Comment by: jtkrogel
As far as I can tell, the H5 file is valid; it just contains what we currently consider to be irrelevant information. It seems clear that QMCPACK is mishandling the file (same file but complex works and real doesn't).
The bigger question I have is whether this mishandling is generic of large file sizes, i.e. will we run into this routinely in the future in say 256-512 atom defect cells of NiO? I think we should still track down and patch the source of this mishandling.
Comment by: prckent
I think we need to narrow down the difference further (or at least I need to understand it better).
e.g. Is the file being read incorrectly or somehow processed incorrectly internally after reading?
Could we be near an integer limit somewhere, hence the apparent "large file" dependency?
Have we reproduced this problem on enough different systems that we can claim it is not (say) a problem with a particular HDF5 version and installation?
Comment by: prckent
@
jtkrogel Are the kinetic energies of the orbitals in the two files identical?
Comment by: jtkrogel
We've also regenerated the orbital file w/ psir=.false. on EOS using QE 5.1. The file size is 3.4GB as expected.
The large change in energy and variance is still present for this file (will refer to this file as "vol0.98_eos_small"): dmcJ0_real_twist0 series 0 -2177.251376 +/- 3.313361 1383981.935105 +/- 56682.731771 635.6556
Rerunning Ye's small file ("vol0.98_mira_small") on EOS does not present the problem, consistent w/ Ye's runs: dmcJ0_real_twist0 series 0 -2554.890268 +/- 0.081604 399.433829 +/- 4.111847 0.1563
I've calculated the per orbital kinetic energy by directly summing the coefficients (and k^2) with a Python tool of mine. The largest KE difference across all orbitals in the two files above is 0.5 mHa. Typical KE's per orbital range from 0.5-8.0 Ha.
Conclusions: problem can persist w/o psir data (i.e. in small files).

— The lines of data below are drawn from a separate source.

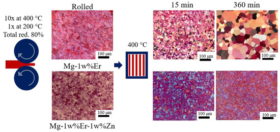 Micrographs of Mg-1%Er and Mg-1%Er-1%Zn in the as-rolled state and upon annealing at 400 °C for 15 and 360 min. The images are taken from the rolling plane (mid-thickness).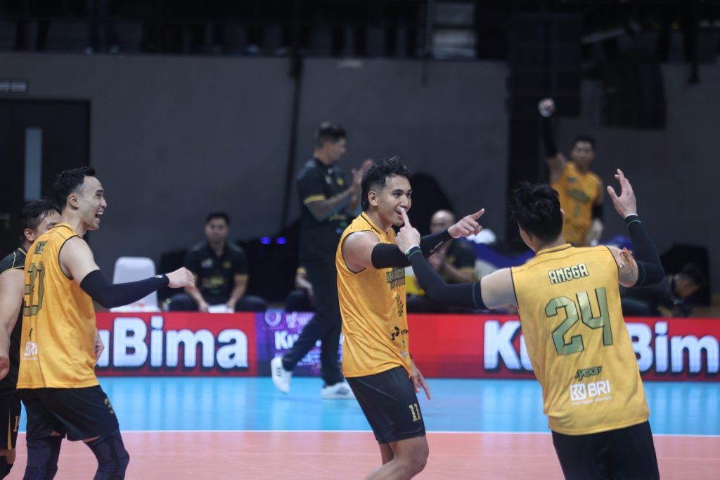 Medan Falcons Tirta Bhagasi memberikan tekanan dan mampu menjaga jarak poin hingga memasuki fase akhir set. Namun, ketenangan dan disiplin permainan membuat Bhayangkara Presisi berhasil mencuri momentum di poin-poin krusial untuk menutup set pertama dengan keunggulan 25-23.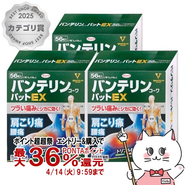 【超超祭 最大36%還元】【第2類医薬品】[セット]バンテリンコーワパットEX 56枚×3個(セルフメディケーション税制対象)[興和][肩こり・関節痛][送料無料] (6055923-set2)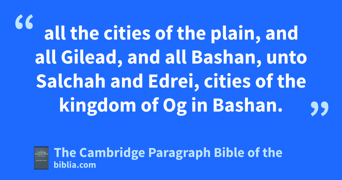 III. Then we turned, and went up the way to Bashan: and aOg the king of Bashan came out against us, he and all his people, to battle bat Edrei. 2 And the Lord said unto me, Fear him not: for I will deliver him, and all his people, and his land, into thy hand; and thou shalt do unto him as thou didst unto cSihon king of the Amorites, which dwelt at Heshbon. 3 So the Lord our God delivered into our hands Og also, the king of Bashan, and all his people: dand we smote him until none was left to him remaining. 4 And we took all his cities at that time, there was not a city which we took not from them, threescore cities, eall the region of Argob, the kingdom of Og in Bashan. 5 All these cities were fenced with high walls, gates, and bars; beside funwalled towns a great many. 6 And we gutterly destroyed them, as we did unto Sihon king hof Heshbon, utterly destroying ithe men, women, and children, of every city. 7 But all the cattle, and the spoil of the cities, we took for a prey to ourselves. 8 And we took at that time out of the hand of the two kings of the Amorites the land that was on this side Jordan, from the river of Arnon unto mount Hermon; 9 (which jHermon the Sidonians call kSirion; and the Amorites call it lShenir;) 10 all the cities of mthe plain, and all Gilead, and all Bashan, unto nSalchah and Edrei, cities of the kingdom of Og in Bashan. 11 For only Og king of Bashan remained of the remnant of ogiants; behold, his bedstead was a bedstead of iron; is it not in pRabbath of the children of Ammon? nine cubits was the length thereof, and four cubits the breadth of it, after the cubit qof a man. 12 And this land, which we possessed at that time, rfrom Aroer, which is by the river Arnon, and half mount Gilead, and sthe cities thereof, gave I unto the Reubenites and to the Gadites. 13 And tthe rest of Gilead, and all Bashan, being the kingdom of Og, gave I unto the half tribe of Manasseh; uall the region of Argob, with all Bashan, which was called the land of xgiants. 14 yJair the son of Manasseh took all the country of Argob unto the coasts of zGeshuri and Maachathi; and called them after his own name, Bashan-yhavoth-jair, unto this day. 15 aAnd I gave Gilead unto Machir. 16 And unto the Reubenites band unto the Gadites I gave from Gilead even unto the river Arnon, half the valley, and the border, even unto the river Jabbok, cwhich is the border of the children of Ammon; 17 the plain also, and Jordan, and the coast thereof, from dChinnereth eeven unto the sea of the plain, feven the salt sea, * under Ashdoth-pisgah eastward.

The two small files that do/do not trigger the bug are nearly identical in orbital contents (as manifested by matching oribtal KE), and so the problem is most likely limited to QMCPACK's usage of the files, not the files themselves (i.e. probably not the converter, unless something else in the files differs materially).
Comment by: prckent
Does the current converter & QE 5.3 give the same file? Ye made a lot of changes. Do you need any help with an eos build?
Comment by: jtkrogel
So far I'm of the opinion that the evidence points away from a bug in the QE SCF+conversion. We have cases w/ the bug appearing using orbital files from QE5.1 and QE5.3. Tests outside of QMCPACK on files w/ and w/o apparent bug show the orbitals are the same. Bug only shows up going from complex to real. To me everything is pointing pretty clearly to a bug inside QMCPACK and not with the orbital files. Thoughts?

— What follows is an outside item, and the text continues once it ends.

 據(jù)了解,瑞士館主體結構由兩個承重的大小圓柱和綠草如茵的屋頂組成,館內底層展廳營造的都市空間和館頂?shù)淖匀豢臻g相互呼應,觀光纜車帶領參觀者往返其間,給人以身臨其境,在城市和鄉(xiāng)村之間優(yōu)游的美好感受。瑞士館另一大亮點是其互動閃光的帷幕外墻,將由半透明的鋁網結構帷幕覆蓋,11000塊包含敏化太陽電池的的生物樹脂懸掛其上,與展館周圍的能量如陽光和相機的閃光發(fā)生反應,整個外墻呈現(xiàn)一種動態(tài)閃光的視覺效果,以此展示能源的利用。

I'm happy to explore QE5.3 on EOS. It would be good to know for sure that the converter is behaving consistently across versions/builds. I think we should start digging into QMCPACK itself concurrent with this.
I also plan to rerun the KE checks across all of Ye's QE 5.3 files from spline bug 1 that showed huge sensitivity in the VMC variance when making small changes in the DFT convergence parameters. If the KE's are not sensitive, then we will know the problem is in QMCPACK and it will give us an easier way to track down the bug (force VMC variance to match across files) than doing full walker traces, etc.
Comment by: prckent
Q1. How do we explain Ye's "rerun" results https://app.assembla.com/spaces/qmcdev/tickets/49/details?comment=1113850913
Q2. Have we showed a difference between complex and real versions for a single electron? i.e. cut down one of the "bad" runs to have only 1 or 2 electrons?
Comment by: prckent
No real need to run 5.3 on eos. 5.1 is plenty old though.
Comment by: ye-luo
@
jtkrogel "We have cases w/ the bug appearing using orbital files from QE5.1 and QE5.3." Do we have one from QE5.3?
I will try to compare the real/complex QMCPACK in the following aspects: spline coefficients, phase, evaluation. If possible, run directly with planewave WF. Not possible today for the maintenance but probably tomorrow.
Comment by: prckent
Planewave is super slow. I advise trying to cut down before running.
Comment by: jtkrogel
Paul/Ye: you are correct, we do not yet have a QE5.3 run that produces a buggy result for this ticket (I misread/misremembered Ye's rerun result). We do know that odd results can happen using the 5.3 toolchain (in context of similarly huge variances obtained intermittently for spline bug 1 https://app.assembla.com/spaces/qmcdev/tickets/40/details?comment=1113785513).
Might this be the time to put orbital KE sums (PW sum from H5 and riemann sum or analytic for splined orbs) into QMCPACK for orbital quality checks? Fringe benefit would be no more need to do meshfactor scans at the VMC level.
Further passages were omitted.